For decades, government space agencies such as NASA, Roscosmos, ESA, and many others were funded by their respective national governments. These agencies were responsible for the race to space and landing a man on the moon. They are responsible for engineering marvels like the International Space Station, for landing rovers on Mars, and for flying spacecraft past distant planets. However, government space agencies are quickly being replaced by the private sector when it comes to innovations in aerospace technology.
Since the early 2000s, dozens of private spaceflight companies have emerged with the goal of making space flight more efficient and more frequent. However, these organizations may have a more negative impact in the long run. Agencies like NASA are funded by the nation’s government with taxpayer money. This source of budget allows an approach to spaceflight that is not too concerned about funding. However, the governmental budget allocated to a given project is frequently tight, causing potentially serious hurdles in the planning, construction, and execution of missions.
Private spaceflight companies, however, are not granted sums of money to use however they wish – they must find other ways to finance their flights, and these strategies get quite creative. Companies like Blue Origin and Virgin Galactic offer flights to tourists looking to enjoy the wonder of zero-g and view the Earth from above, if only for a few minutes. Tickets to space cost anywhere from $450,000 into the millions, proving the tactic’s profitability, according to a Los Angeles Times article. But spaceflight is dangerous – it always has been. Just last year, a Blue Origin rocket carrying scientific payloads caught fire mid-flight, prompting activation of the launch escape system. While the mission was unmanned and the capsule was recovered undamaged and intact, the incident serves as a reminder that the possibility of a fatal accident is a very real one.
Some other spaceflight companies are financed through sister businesses, oftentimes functioning in a symbiotic sort of relationship. Elon Musk’s Starlink internet-providing company launches its satellites aboard SpaceX Falcon 9 rockets – meaning the expense of the launches will repay itself in the form of subscriptions to the service. But with dozens of Starlink launches every year, each one containing up to and over 50 satellites, space in Low Earth Orbit is quickly becoming crowded with satellite constellations like Starlink or OneWeb, with prospects like Amazon’s Project Kuiper to join the mayhem in the coming years. This traffic-jamming of space, called Kessler Syndrome, is becoming a dangerous issue, yet another roadblock in the face of space exploration.

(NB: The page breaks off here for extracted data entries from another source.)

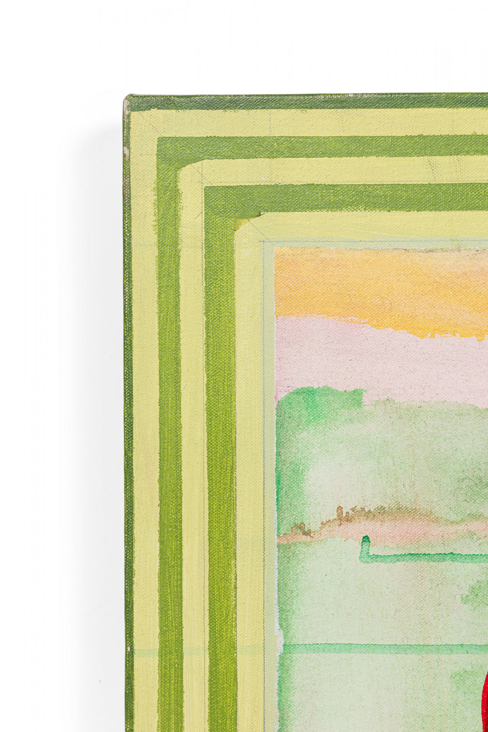Copy of an abstract painting in a Modern Pop style in red, green, blue yellow and black against a plaid background..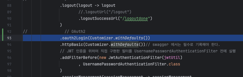 .httpBasic(Customizer.withDefaults())// swagger 에서는 필수로 기록해야 한다.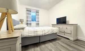 Both bedrooms are superbly proportioned, offering ample space for furnishings. Bedroom two further benefits from access to a floored attic via a fitted ladder, providing valuable storage or potential for flexible use. The accommodation is completed by a luxury fully tiled shower room with vanity suite and mains shower.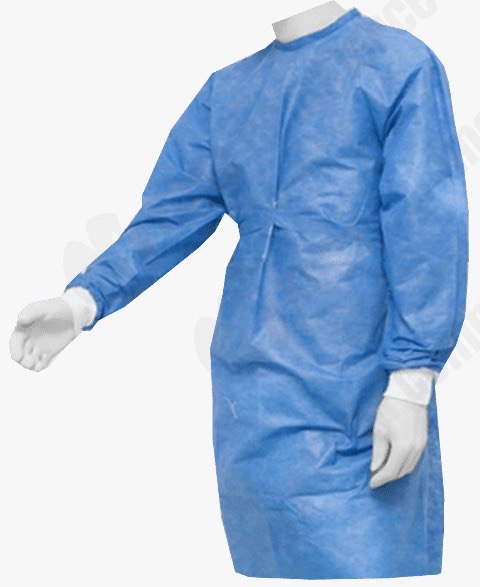 Bata desechable, tipo gabacha, talla M, color celeste, no esteril, para uso clínico.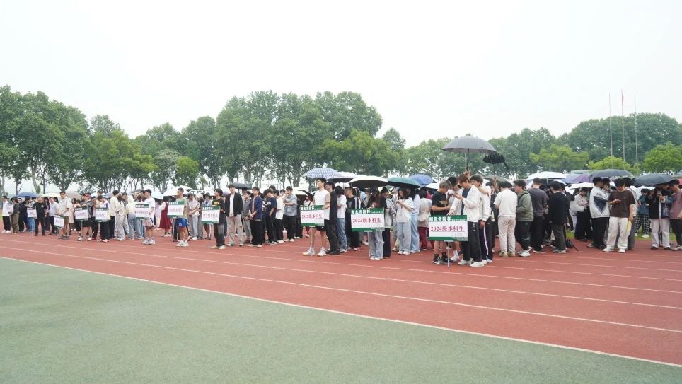 4月24日下午13点30分,老师同学们不畏细雨绵绵,准时到达工学部田径场,井然有序地等待院运会的开幕。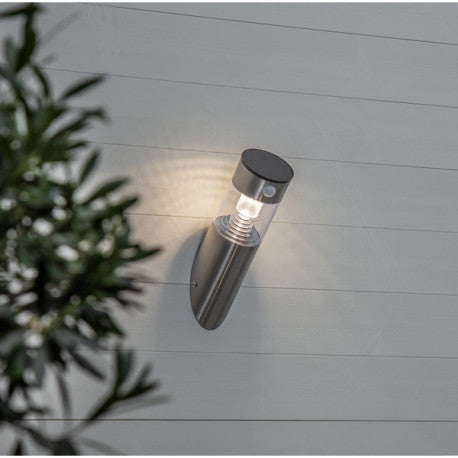 Solcells väggbelysning med PIR och skymningssensor. När sensorn aktiveras lyser den med 80 lumen under 40 sekunder och sedan ner till 10 lumen. Sensoravstånd från 5 till max 8m med 100 graders vinkel.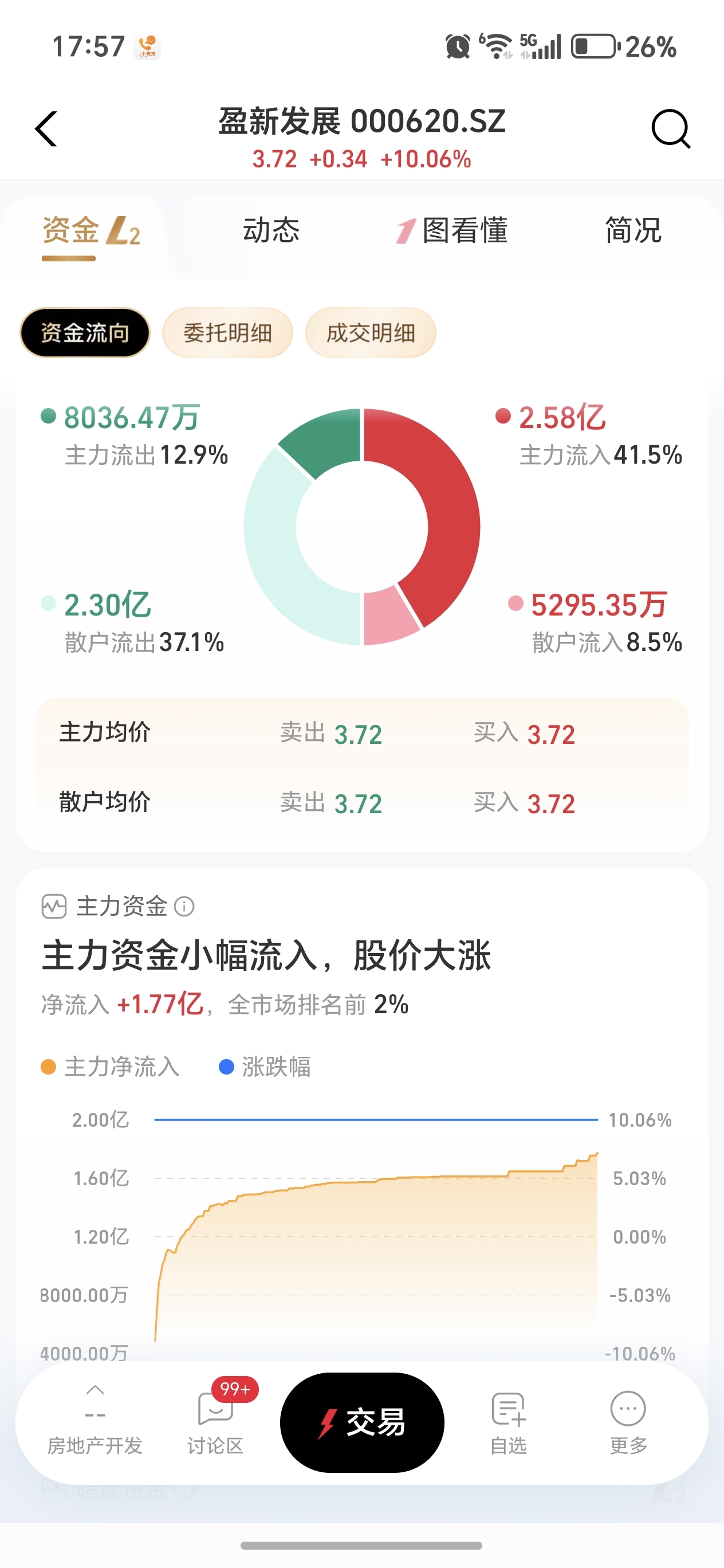 $盈新发展(SZ000620)$ 今天散户被劝走不少,也有少量进来的

But it isn’t all bad news. SpaceX offers frequent missions to space, containing several satellites in only one launch. These ‘rideshare’ missions, as SpaceX calls them, enable easy access to space for research institutions, universities, and other groups that would be otherwise unable to place their payload in orbit. Launches start at $275,000 for a 50-kilogram payload into orbit, according to their website.
Not only does SpaceX offer space access to the public, but also to bodies like NASA. Several of the business’s contracts with the administration include those to resupply and deliver crew to the ISS, as well as to provide the landing system for the upcoming Artemis moon missions. This landing system, an adaptation of the wildly ambitious Starship vehicle, serves another point about the industry – despite the struggles for budget, when the funding is plentiful, development can progress at a rapid pace, rivaling government agencies.
SpaceX’s starship launched its very first prototype in July of 2019. Just under three short years later, in April of 2023, they launched their first full-scale vehicle on an orbital attempt, a development speed rivaling that of even the automotive industry in its heyday. With plans for another attempt this fall, the rapid development cadence is an obvious benefit of the industry, and most other companies are attempting to develop similarly groundbreaking technologies just to keep up. The billionaires are ushering in a new space age, a sign that private spaceflight may be the next golden era of exploration.